Lode Van Hecke OCSO (born 16 March 1950) is a Belgian Catholic prelate who serves as Bishop of Ghent. He was previously abbot of Orval Abbey from 2007 to November 2019. A monk since 1976, he is the only Trappist ever to be appointed bishop of a Belgian diocese.

Life
Van Hecke was born in Roeselare in West Flanders on 16 March 1950. After graduating from secondary school he spent a year at Bruges seminary and then studied philosophy at KU Leuven. He interrupted his studies for military service and became secretary to the head chaplain of the Belgian army.
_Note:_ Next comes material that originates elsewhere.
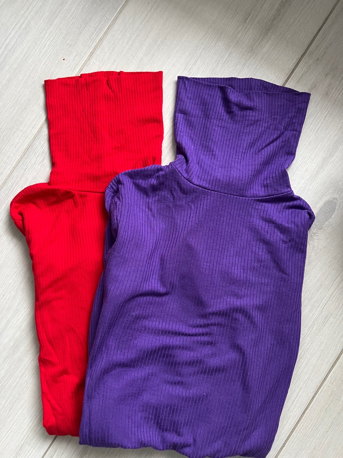 predám 2 roláky zn.amisu (červený a fialový),veľkosť xs,sedí aj xxs,oba boli nosené asi po 3x,super na telo,elastické,šírka cez prsia vkľude 2x34 cm,v prípade potreby povolí,dĺžka od ramena 56 cm,dĺžka rukáva od pleca 59 cm,cena za oba 7€+pošta,NEVYMIEŇAM!

He returned to KU Leuven and earned his licenciate in philosophy with a dissertation on A. N. Whitehead. On 24 September 1976 he entered Orval Abbey and took his final vows as a Trappist on 6 March 1983. He obtained the degree of Licentiate of Sacred Theology from KU Leuven in 1988, with a thesis on Bernard of Clairvaux, and was ordained to the priesthood on 20 August 1995.

At Orval he served as novice master from 1990 to 1998, brewery director from 1998 to 2001, and prior and bursar from 2000 to 2002. He left the Abbey to work as secretary to the Abbot General of the Cistercians in Rome from 2002 to 2004. Returning to Orval, in 2005 he became guestmaster. He was elected Abbot of Orval on 25 January 2007 and installed on 2 June.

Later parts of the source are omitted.